Mon Oct 16 18:07:15 UTC 2017

Hi Thomas,

Again, thank you for the detailed response.

> On Oct 16, 2017, at 1:32 PM, Thomas Schatzl <thomas.schatzl at oracle.com> wrote:
> 
> Hi Kirk,
> 
> On Fri, 2017-10-13 at 15:23 +0200, Kirk Pepperdine wrote:
>> Hi Thomas,
>> 
>> Thanks for the this very detailed analysis. Where to start…….
>> 
>> There is no disputing your analysis of this GC log as it’s pretty
>> much matches my thoughts on what is happening. My question is
>> centered around my experiences running into this spiking behavior in
>> many different applications across many different domains. A common
>> artifact prior to the Full is seeing survivor resized to 0B. In fact
>> if you see survivor be resized to 0B there doesn’t seem to be a way
>> to avoid the full. (Survivor X->0.0B appears to be a side effect of
>> the root of the problem).
>> 
>> I guess it is possible to have the same conditions appearing in many
>> applications running across many domains that result in this
>> identical behavior. That said, I guess I’m very lucky that I am
>> running into the accidental timing issue as frequently as I am. It
>> feels like the question I want to as is; is there a common coding
>> pattern that all the applications share that is aggravating the
>> garbage collector in nasty way?
> 
> Given the current information I have, the application's live set and
> allocation rate simply seems too high to support current GC settings
> temporarily.
> 
> For the allocation rate, please compare the slopes of heap usage after
> (young) gcs during these spikes (particularly in that full gc case) and
> normal operation.

Censum estimates allocation rates as this is a metric that I routinely evaluate.

This log shows a spike at 10:07 which correlates with the Full GC event. However the allocation rates while high, are well within values I’ve seen with many other applications that are well behaved. Censum also estimates rates of promotion and those seem exceedingly high at 10:07. That said, there are spikes just after 10:10 and around 10:30 which don’t trigger a Full. In both cases the estimates for allocation rates are high though the estimates for rates of  promotion while high, are not as high as those seen at 10:07.
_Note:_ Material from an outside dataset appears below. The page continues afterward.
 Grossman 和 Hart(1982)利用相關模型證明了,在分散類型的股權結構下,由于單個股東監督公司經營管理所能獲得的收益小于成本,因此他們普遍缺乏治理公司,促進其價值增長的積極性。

All in all, nothing here seems out of the ordinary and while I want you to be right about the waste and PLAB behaviors, these spikes feel artificial, i.e. I still want to blame the collector for not being able to cope with some aspect of application behavior that it should be able to cope with.. that is something other than a high allocation rate with low recover due to data simply being reference and therefor not eligible for collection...

> 
> In this application, given the information I have, every like 1500s,
> there seems to be some component in the application that allocates a
> lot of memory in a short time, and holds onto most of it for its
> duration.

Sorry but I’m not seeing this pattern either in occupancy after or allocation rate views. What I do see is a systematic loss of free heap over time (slow memory leak??? Effects of caching???).
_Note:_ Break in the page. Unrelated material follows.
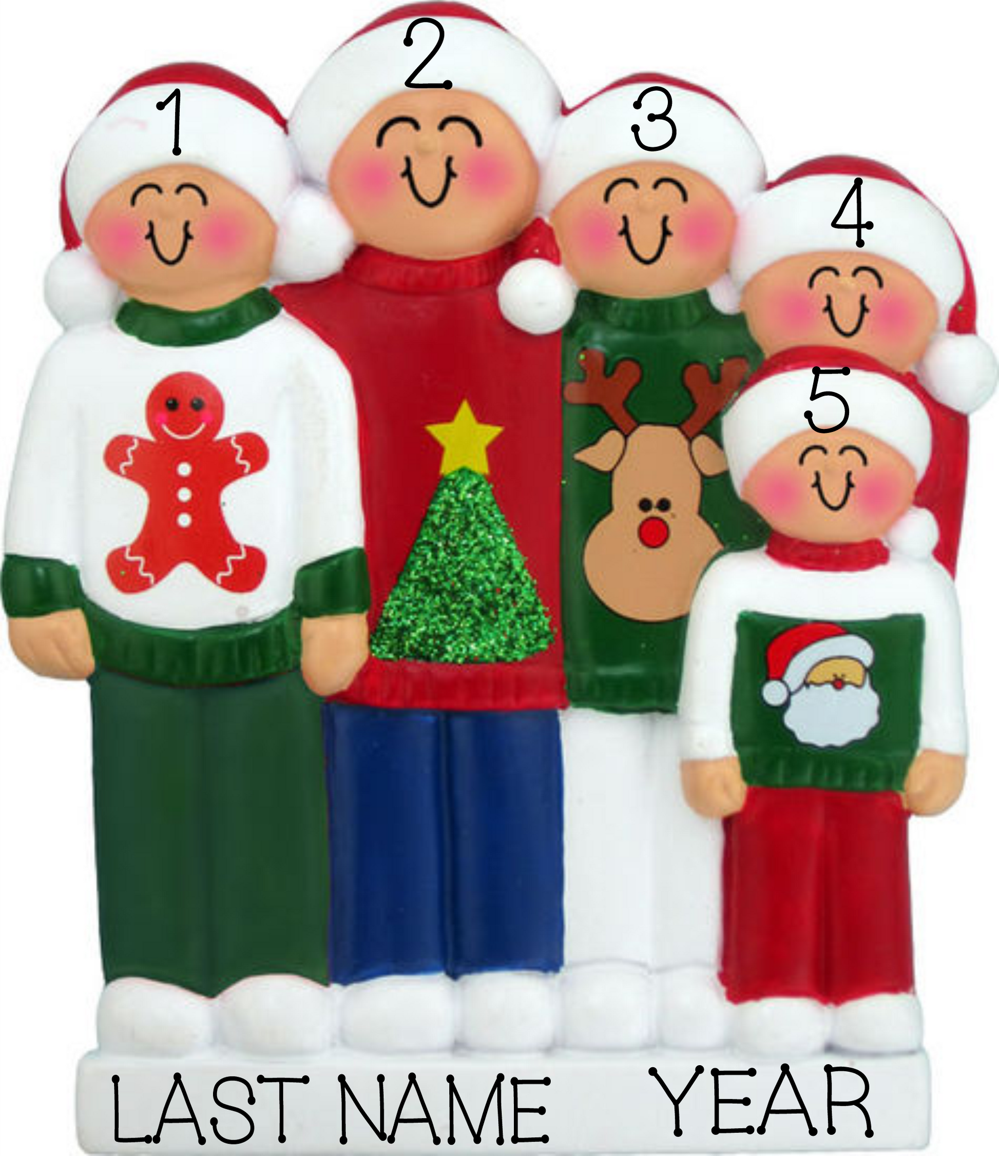 Get ready for the holidays with this family of 5 in their festive yet quirky ugly sweaters! Add a personal touch by customizing the hats with their names and the bottom with the family's last name and year. (They may not be fashionable, but they're definitely cute!)

As I look at all of the views in Censum I see nothing outstanding that leads me to believe that this Full is a by-product of some interaction between the collector and the application (some form of zombies????). Also, one certainly cannot rule out your speculation for heap fragmentation in PLABs. I simply don’t have the data to say anything about that though I know it can be a huge issue. What I can say is that even if there is 20% waste, it can’t account for the amount of memory being recovered. I qualify that with, unless there is a blast of barely humongous allocations taking place. I’d like to thing this is a waste issue but I’m suspicious. I’m also suspicious that it’s simply the application allocating in a burst then releasing. If that were the case I’d expect a much more gradual reduction in the live set size.

I think the answer right now is; we need more data. I’ll try to get the “client” to turn on the extra flags and see what that yields. I won’t play with plab sizing this go ‘round if you don’t mind. If you’re right and it is a problem with waste, then the beer is on me the next time we meet.

The don’t allocate arrays in size of powers of 2 is an interesting comment. While there are clear advantages to allocating arrays in size of powers of 2, I believe in that these cases are specialized and that I don’t generally see people dogmatically allocating this way.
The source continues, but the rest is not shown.